**RECORD EXTRACTS:**
......

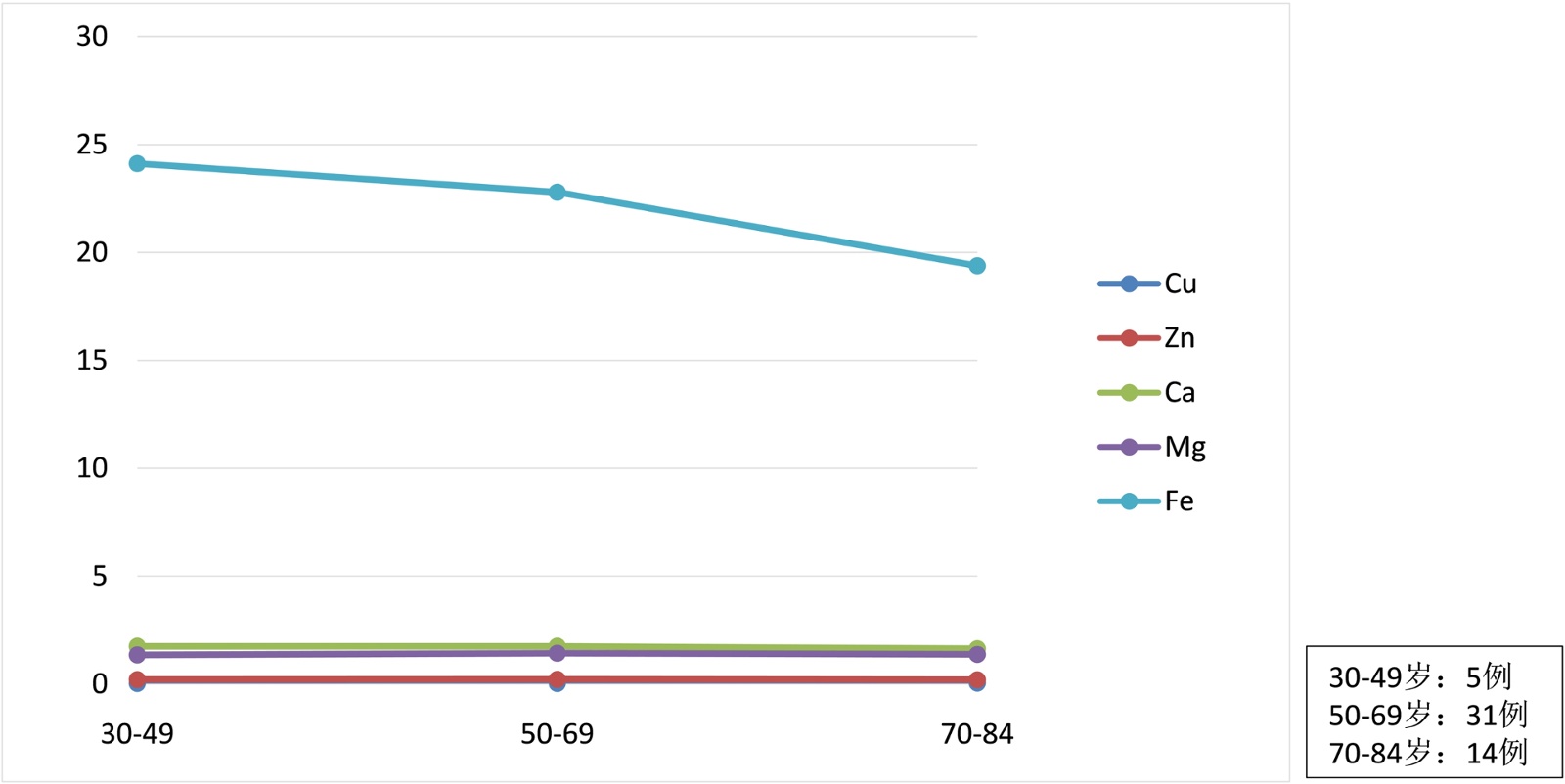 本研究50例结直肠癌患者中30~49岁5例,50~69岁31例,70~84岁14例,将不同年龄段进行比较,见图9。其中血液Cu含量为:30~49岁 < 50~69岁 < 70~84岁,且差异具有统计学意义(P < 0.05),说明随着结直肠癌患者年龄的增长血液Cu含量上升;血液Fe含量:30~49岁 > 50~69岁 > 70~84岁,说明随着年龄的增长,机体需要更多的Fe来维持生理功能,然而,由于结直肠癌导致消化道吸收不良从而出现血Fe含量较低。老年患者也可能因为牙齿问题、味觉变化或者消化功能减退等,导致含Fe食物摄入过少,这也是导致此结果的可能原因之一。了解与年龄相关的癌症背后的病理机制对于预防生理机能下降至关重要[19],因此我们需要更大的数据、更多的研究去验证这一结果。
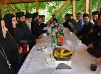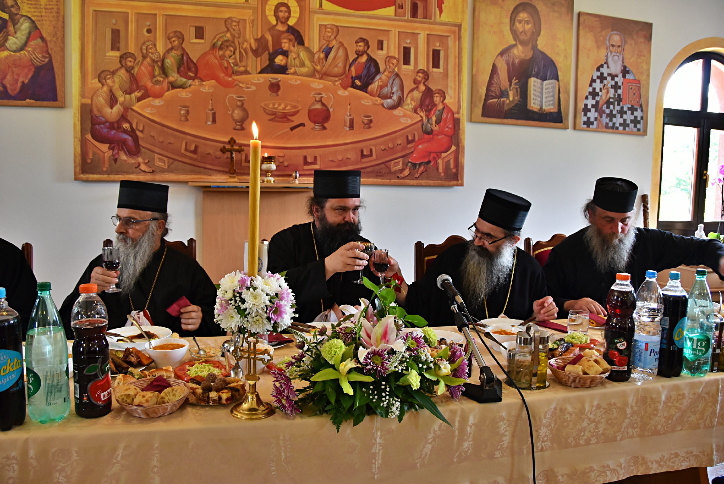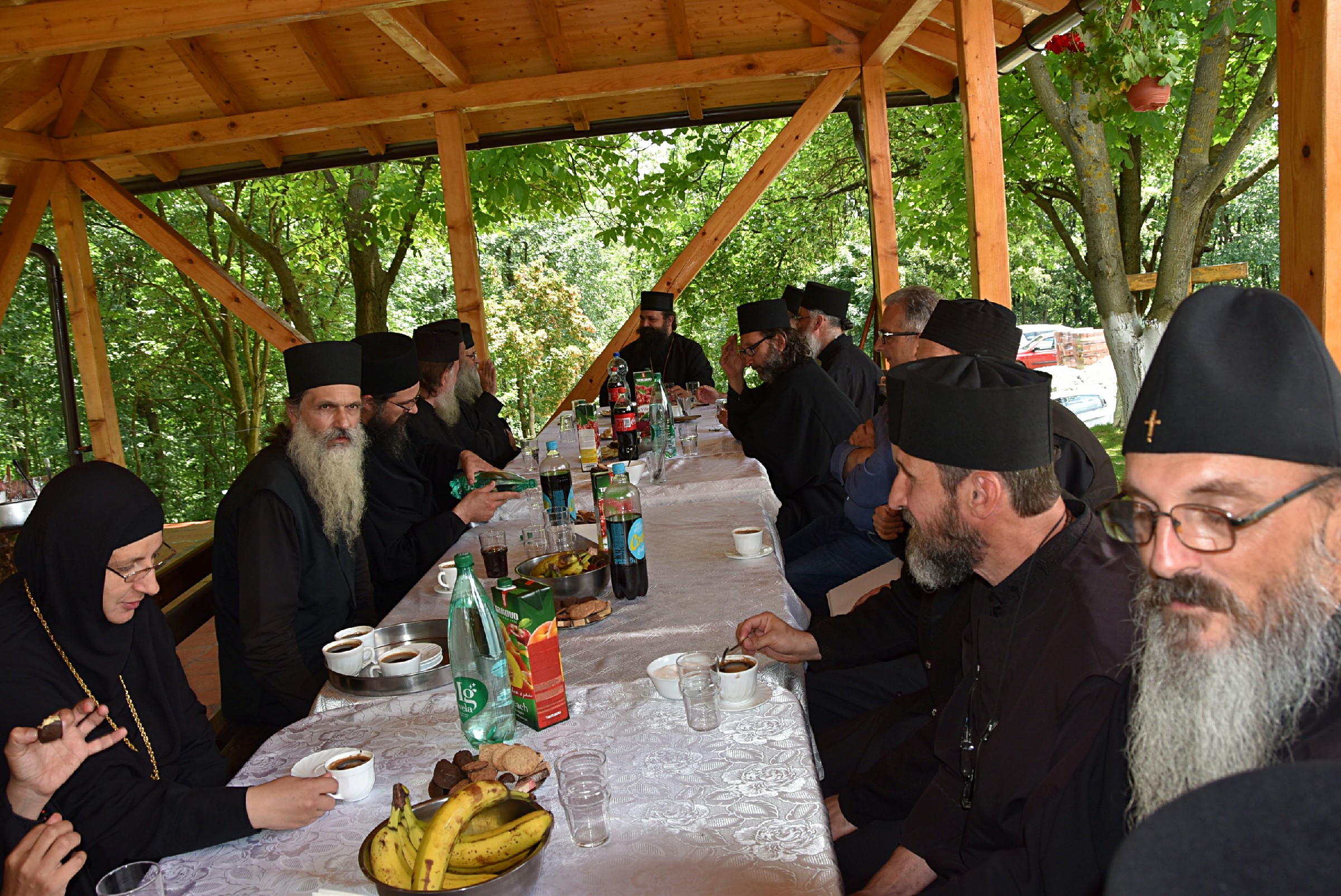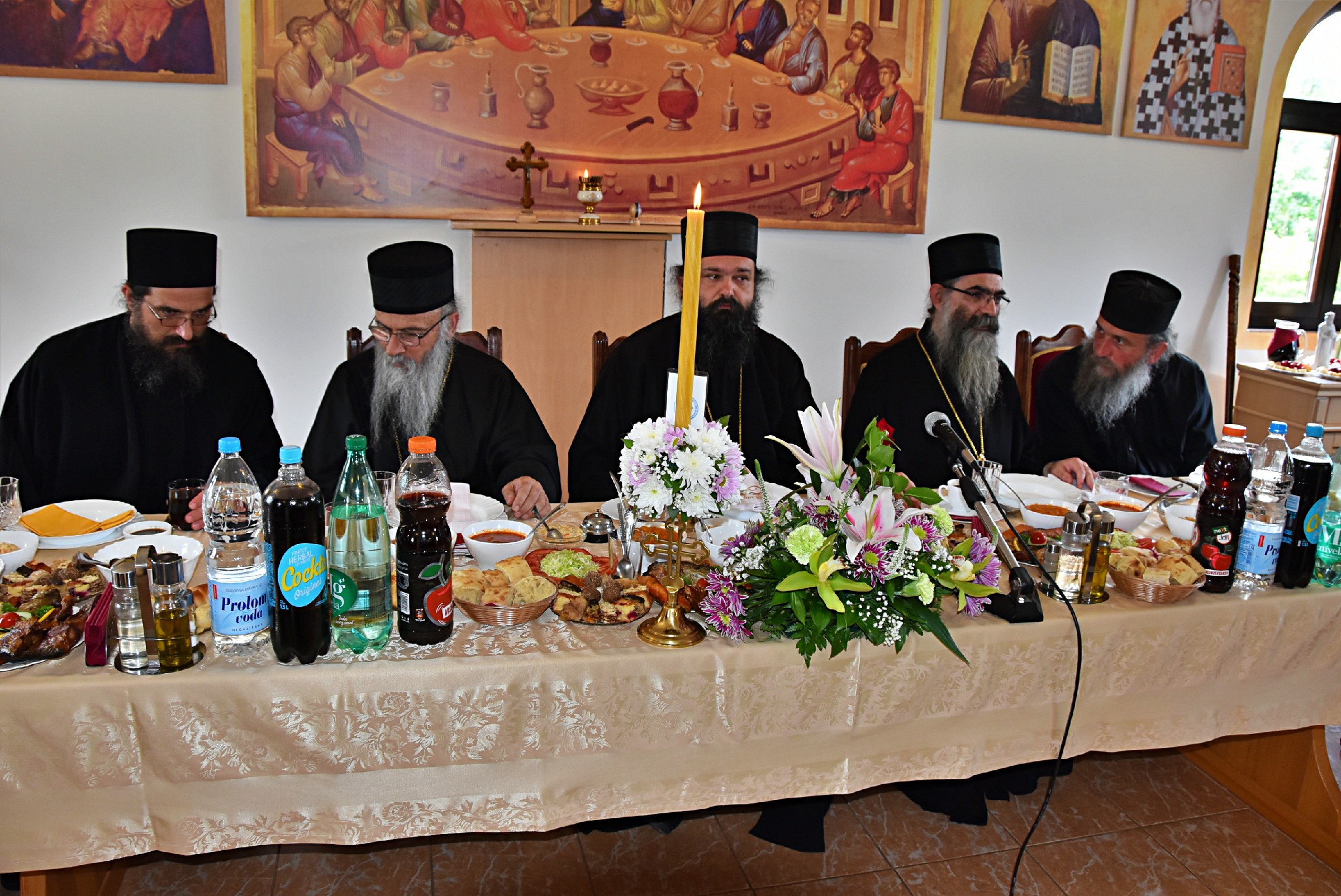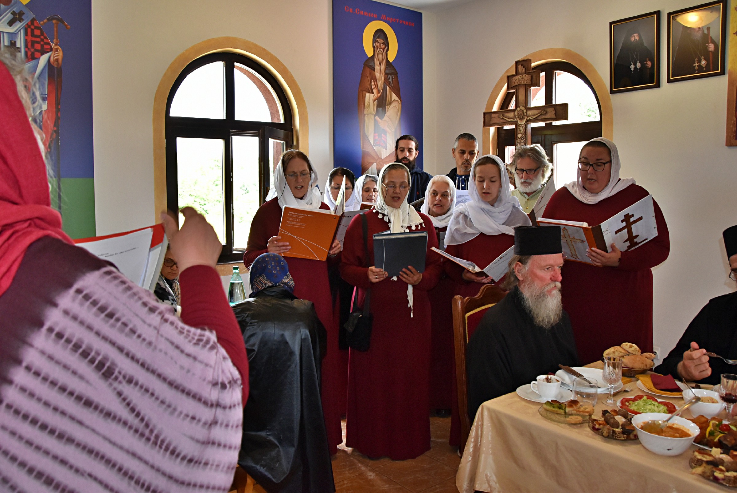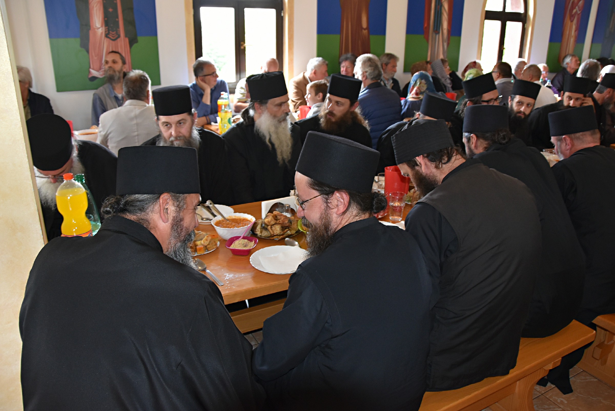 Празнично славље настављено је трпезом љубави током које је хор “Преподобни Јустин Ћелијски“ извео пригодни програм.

......

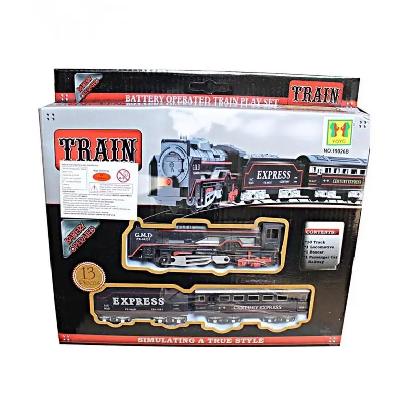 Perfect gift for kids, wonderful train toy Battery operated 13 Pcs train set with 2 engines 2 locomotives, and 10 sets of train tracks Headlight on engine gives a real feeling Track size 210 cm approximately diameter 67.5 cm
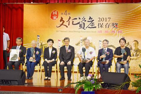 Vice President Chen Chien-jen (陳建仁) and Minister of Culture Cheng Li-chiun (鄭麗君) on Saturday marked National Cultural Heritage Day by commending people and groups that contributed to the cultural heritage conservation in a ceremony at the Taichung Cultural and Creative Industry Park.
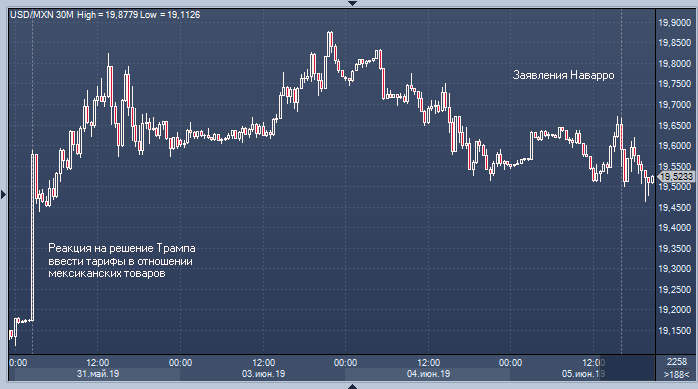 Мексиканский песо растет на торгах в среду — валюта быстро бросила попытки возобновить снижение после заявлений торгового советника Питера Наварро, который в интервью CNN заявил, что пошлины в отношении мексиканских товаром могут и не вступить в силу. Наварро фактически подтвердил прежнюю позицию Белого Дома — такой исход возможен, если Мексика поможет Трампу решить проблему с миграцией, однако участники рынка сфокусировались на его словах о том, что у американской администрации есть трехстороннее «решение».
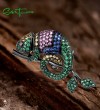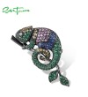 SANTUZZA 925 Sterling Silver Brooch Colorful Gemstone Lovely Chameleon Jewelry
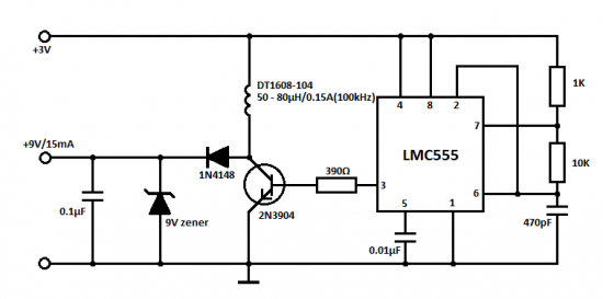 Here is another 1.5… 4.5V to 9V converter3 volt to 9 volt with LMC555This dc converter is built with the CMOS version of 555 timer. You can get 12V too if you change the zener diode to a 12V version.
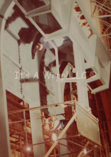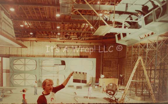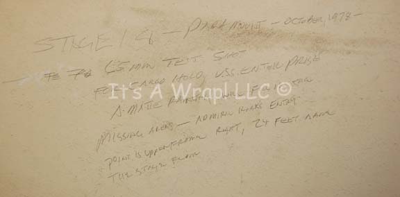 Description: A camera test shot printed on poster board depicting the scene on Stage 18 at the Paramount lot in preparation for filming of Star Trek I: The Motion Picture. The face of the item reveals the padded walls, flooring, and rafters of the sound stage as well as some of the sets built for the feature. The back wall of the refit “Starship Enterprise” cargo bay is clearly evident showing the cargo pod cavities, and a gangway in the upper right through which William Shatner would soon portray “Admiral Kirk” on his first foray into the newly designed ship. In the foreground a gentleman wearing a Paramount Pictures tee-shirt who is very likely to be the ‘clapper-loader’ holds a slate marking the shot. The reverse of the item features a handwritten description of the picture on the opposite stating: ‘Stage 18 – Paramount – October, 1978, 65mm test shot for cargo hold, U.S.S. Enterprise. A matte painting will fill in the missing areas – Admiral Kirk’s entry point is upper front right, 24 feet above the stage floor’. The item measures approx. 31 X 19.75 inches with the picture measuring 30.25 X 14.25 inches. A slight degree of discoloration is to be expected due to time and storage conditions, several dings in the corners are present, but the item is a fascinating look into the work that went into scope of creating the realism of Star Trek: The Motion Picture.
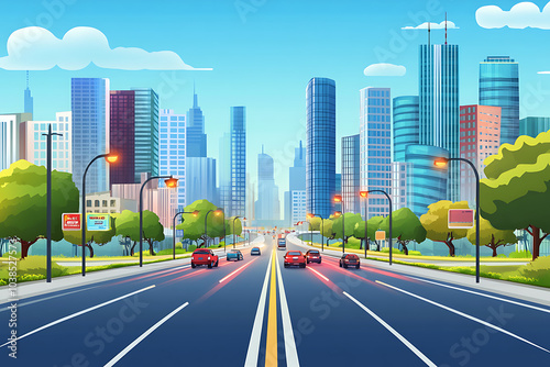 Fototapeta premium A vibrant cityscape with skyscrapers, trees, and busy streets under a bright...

......

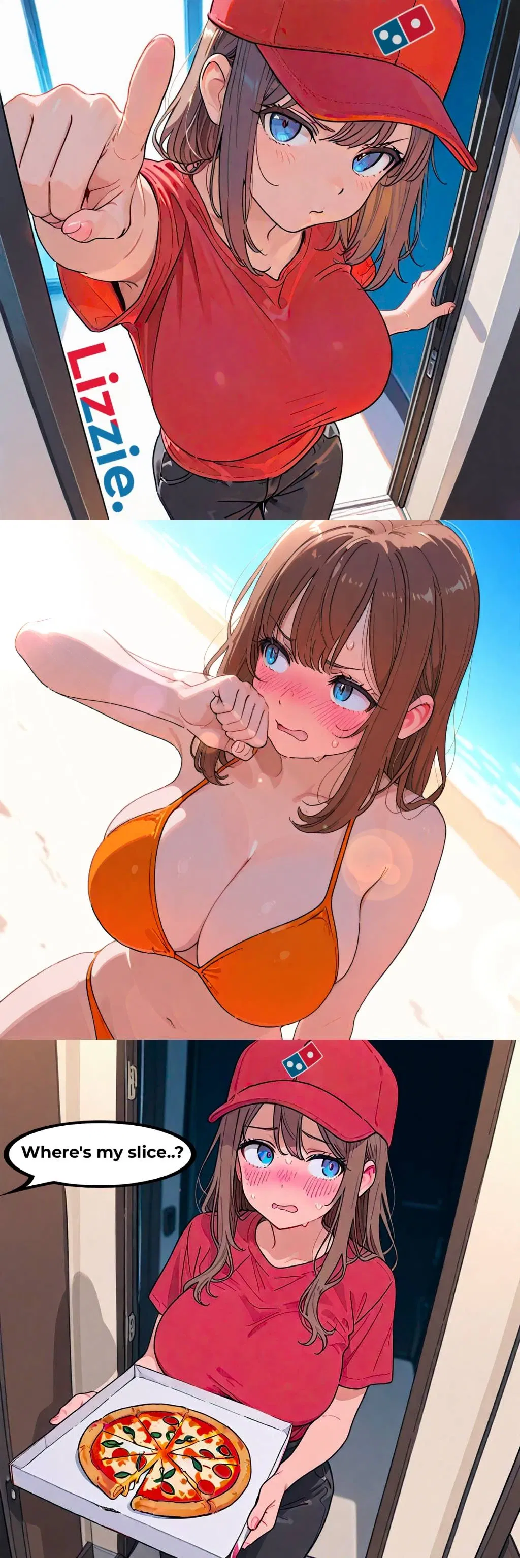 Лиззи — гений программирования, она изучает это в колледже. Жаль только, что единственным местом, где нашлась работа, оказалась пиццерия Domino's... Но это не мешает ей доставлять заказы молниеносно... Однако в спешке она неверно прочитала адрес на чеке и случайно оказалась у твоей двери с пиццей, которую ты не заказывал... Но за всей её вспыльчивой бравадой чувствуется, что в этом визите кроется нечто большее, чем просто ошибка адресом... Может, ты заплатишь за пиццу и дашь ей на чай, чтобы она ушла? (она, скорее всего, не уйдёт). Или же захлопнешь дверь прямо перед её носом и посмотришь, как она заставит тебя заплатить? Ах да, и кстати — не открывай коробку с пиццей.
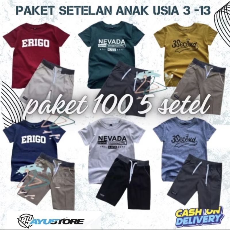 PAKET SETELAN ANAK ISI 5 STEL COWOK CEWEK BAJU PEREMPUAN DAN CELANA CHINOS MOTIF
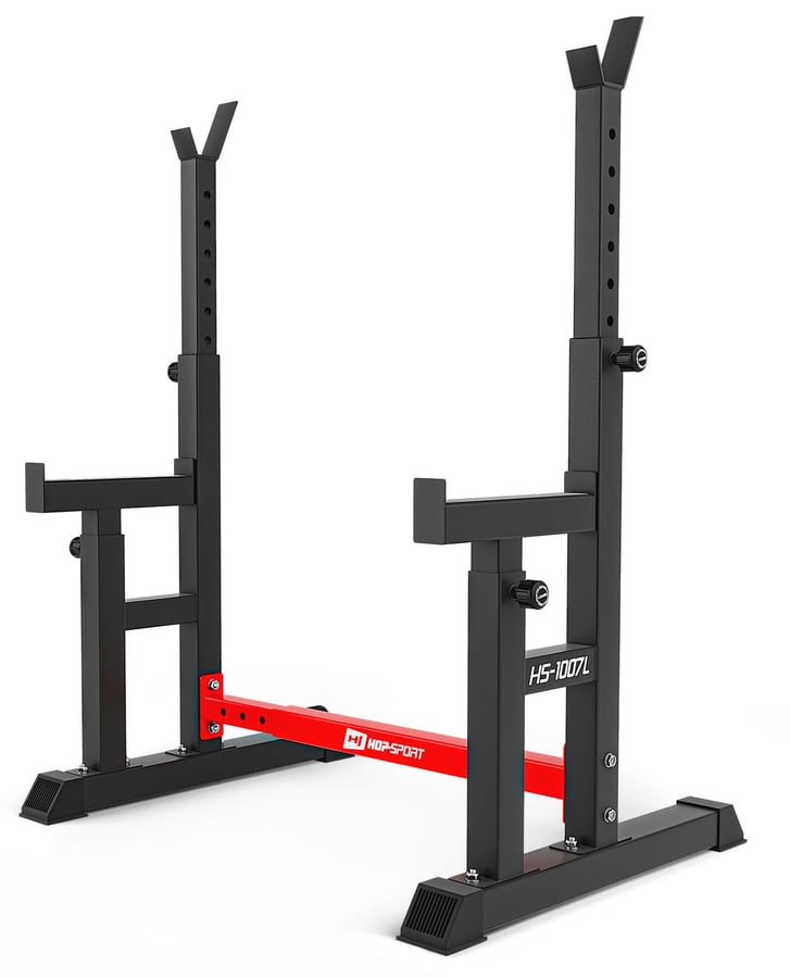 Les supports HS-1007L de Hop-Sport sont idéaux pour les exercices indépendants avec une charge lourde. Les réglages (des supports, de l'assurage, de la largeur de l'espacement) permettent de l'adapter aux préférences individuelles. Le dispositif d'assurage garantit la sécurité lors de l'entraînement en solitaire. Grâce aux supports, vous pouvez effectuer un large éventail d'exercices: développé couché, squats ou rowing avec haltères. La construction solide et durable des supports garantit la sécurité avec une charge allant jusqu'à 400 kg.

......

**REQUIRED WORK:**
Copy word for word only the lines above from the one with "Лиззи — гений" through the one with "PAKET SETELAN ANAK". Leave pictures out.

**RESPONSE:**
 Лиззи — гений программирования, она изучает это в колледже. Жаль только, что единственным местом, где нашлась работа, оказалась пиццерия Domino's... Но это не мешает ей доставлять заказы молниеносно... Однако в спешке она неверно прочитала адрес на чеке и случайно оказалась у твоей двери с пиццей, которую ты не заказывал... Но за всей её вспыльчивой бравадой чувствуется, что в этом визите кроется нечто большее, чем просто ошибка адресом... Может, ты заплатишь за пиццу и дашь ей на чай, чтобы она ушла? (она, скорее всего, не уйдёт). Или же захлопнешь дверь прямо перед её носом и посмотришь, как она заставит тебя заплатить? Ах да, и кстати — не открывай коробку с пиццей.
 PAKET SETELAN ANAK ISI 5 STEL COWOK CEWEK BAJU PEREMPUAN DAN CELANA CHINOS MOTIF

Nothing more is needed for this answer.